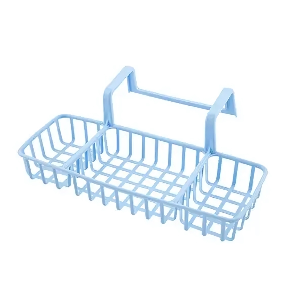 Мыльница навесная пластиковая с 3 отсеками, светло-голубая, ручка для подвешивания
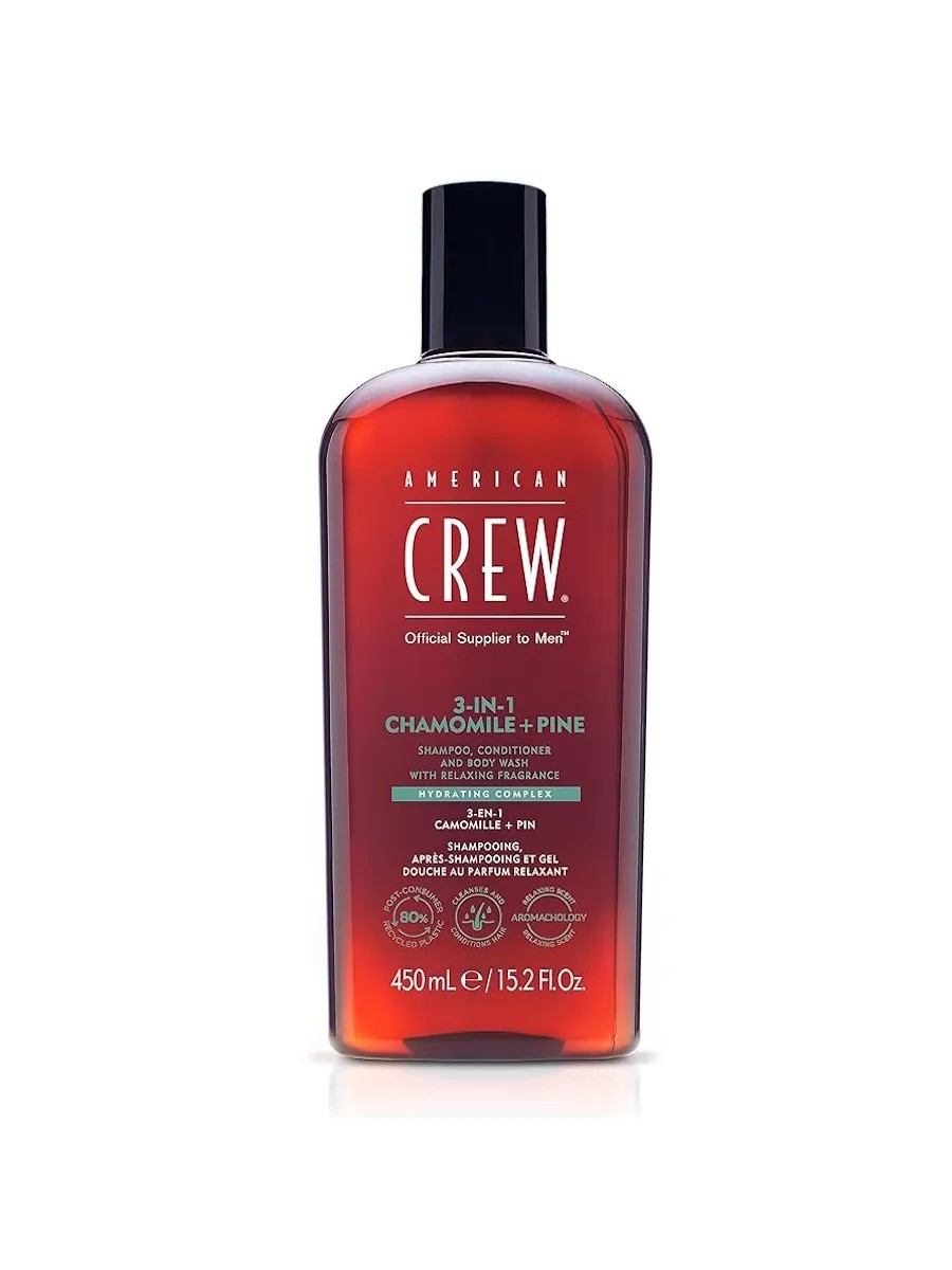 American Crew Chamomile + Pine 3-in-1 Shampoo, Conditioner, and Shower Gel - in one.
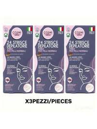 COSMI MILANO MADE IN ITALY CONFEZIONE DA 3 STRISCE DEPILAZIONE 24 PEZZI PER VISO CON BURRO DI KARITÉ, OLIO DI ARGAN E VITAMINA E. CON FRAGRANZA ALLE BACCHE DI AÇAI.3 PEZZI
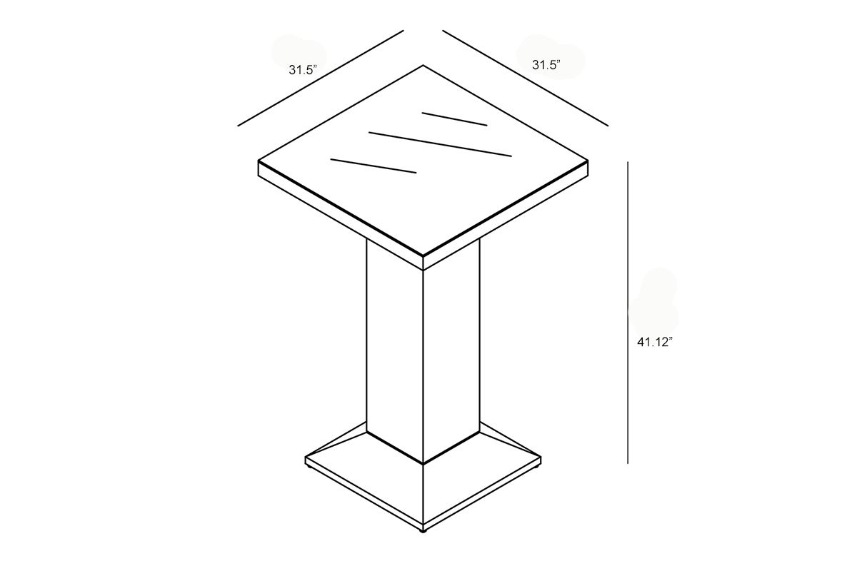 - Bar Table: 31.5″W x 31.5″D x 42.75″H (60lbs.)
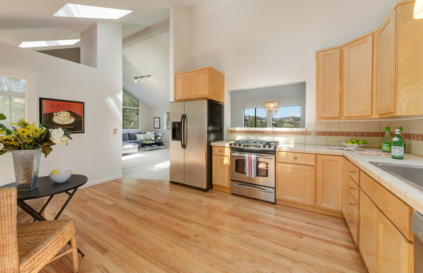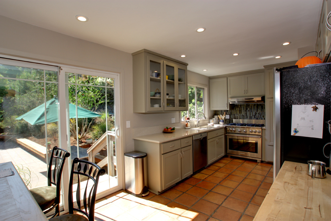 - Lovely Kitchen with gas range, skylight and Mexican paver tile floor
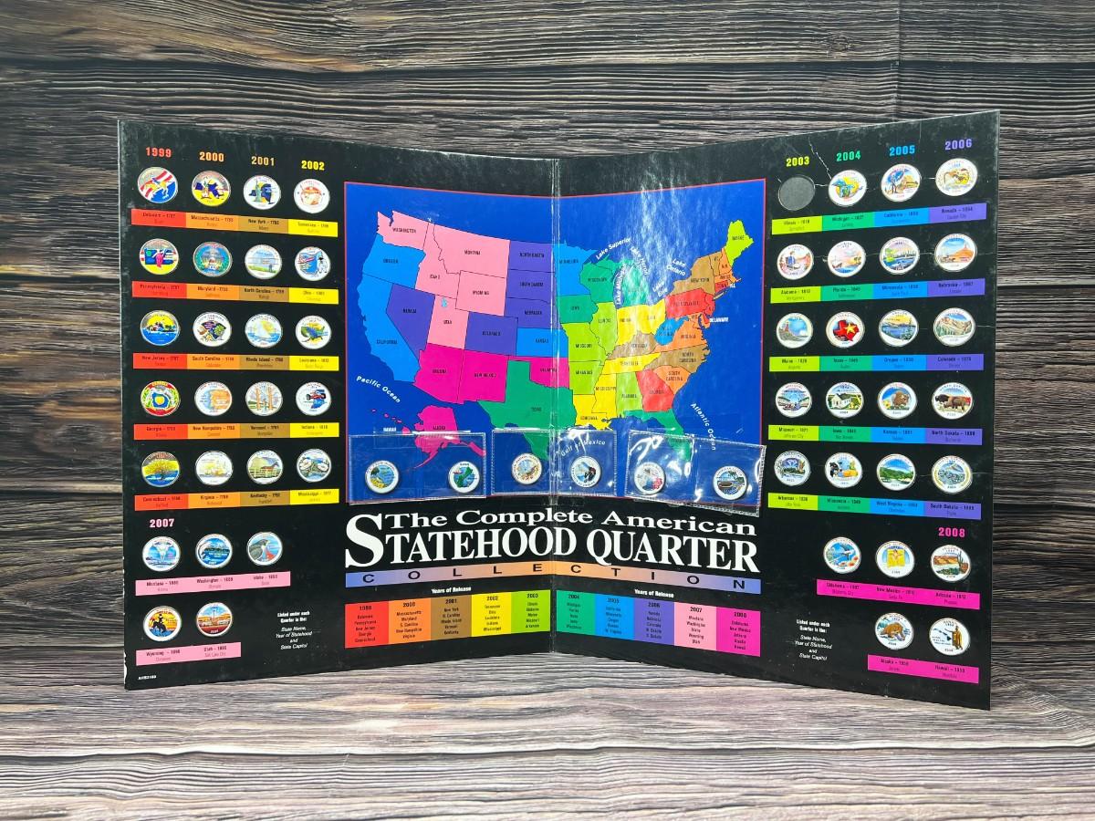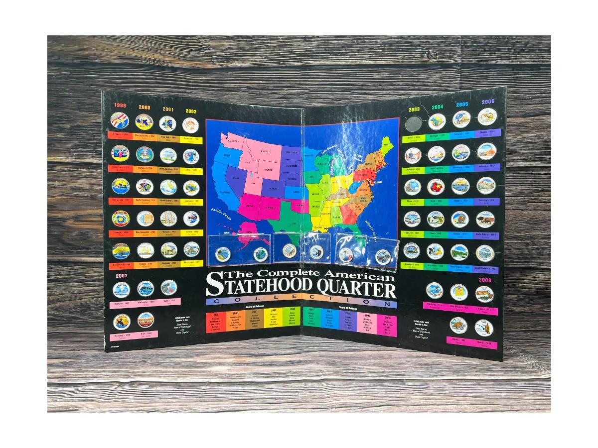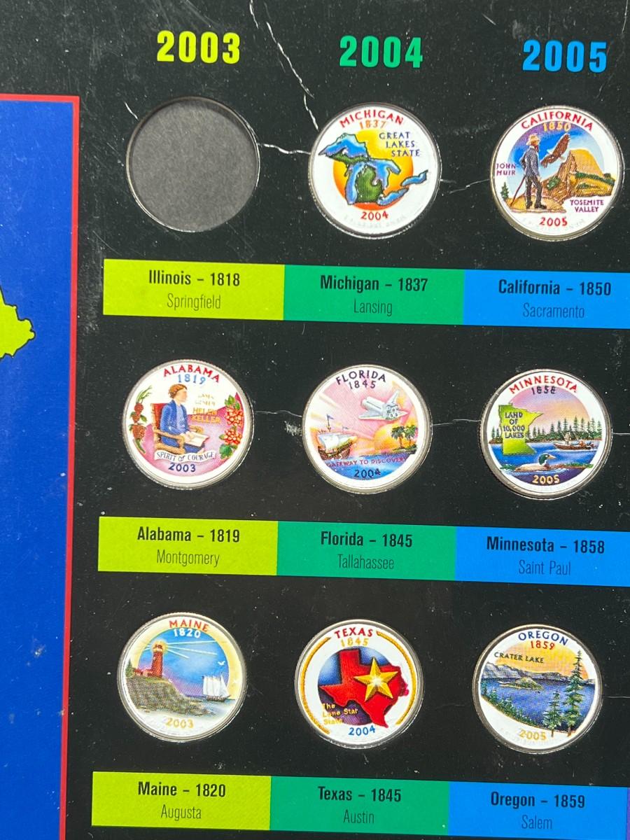The Complete American Statehood Quarter Collection Collectible Colorized Quarters American Currency Coin Set, Illinois is the only state missing, and there are also 4 separate foreign coins not originally included in the set. Check pictures for more details and for sizing.
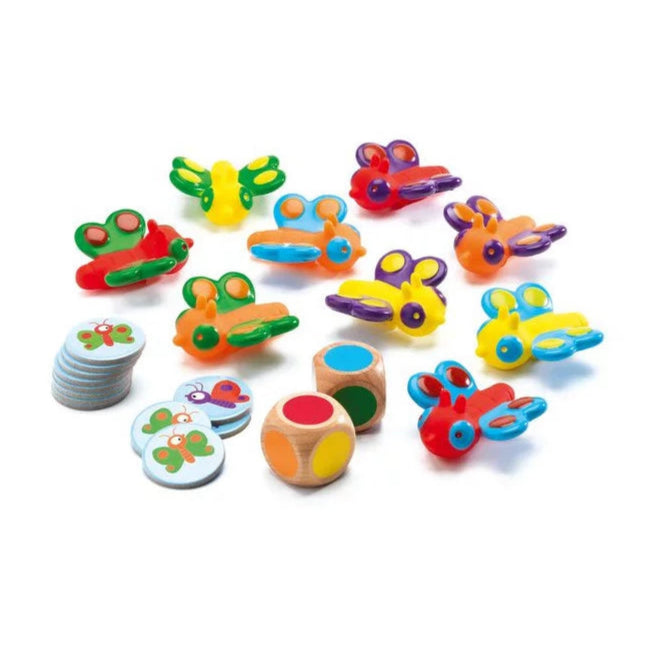 Le jeu se compose de : 9 papillons en plastique, 2 dés, 30 jetons à gagner et la règle de jeu.
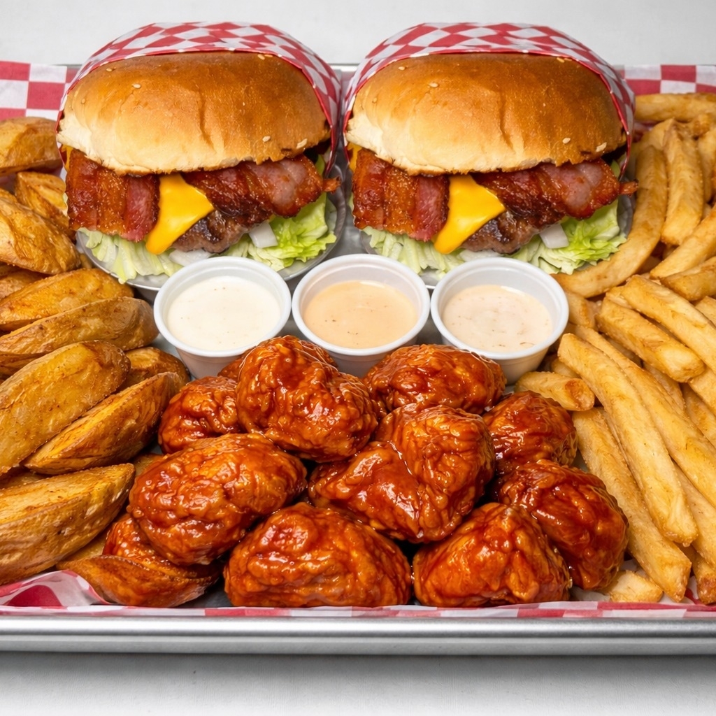 2 clasicc burguer,250 gr de boneles,papas a la francesa,papas gajo,aderezos.

▬▬▬▬▬▬▬▬▬▬

— DIRECTIONS —
Return the listing above in an exact copy that leaves out the images.

— RESPONSE AREA —
 Мыльница навесная пластиковая с 3 отсеками, светло-голубая, ручка для подвешивания
 American Crew Chamomile + Pine 3-in-1 Shampoo, Conditioner, and Shower Gel - in one.
 COSMI MILANO MADE IN ITALY CONFEZIONE DA 3 STRISCE DEPILAZIONE 24 PEZZI PER VISO CON BURRO DI KARITÉ, OLIO DI ARGAN E VITAMINA E. CON FRAGRANZA ALLE BACCHE DI AÇAI.3 PEZZI
 - Bar Table: 31.5″W x 31.5″D x 42.75″H (60lbs.)
 - Lovely Kitchen with gas range, skylight and Mexican paver tile floor
The Complete American Statehood Quarter Collection Collectible Colorized Quarters American Currency Coin Set, Illinois is the only state missing, and there are also 4 separate foreign coins not originally included in the set. Check pictures for more details and for sizing.
 Le jeu se compose de : 9 papillons en plastique, 2 dés, 30 jetons à gagner et la règle de jeu.
 2 clasicc burguer,250 gr de boneles,papas a la francesa,papas gajo,aderezos.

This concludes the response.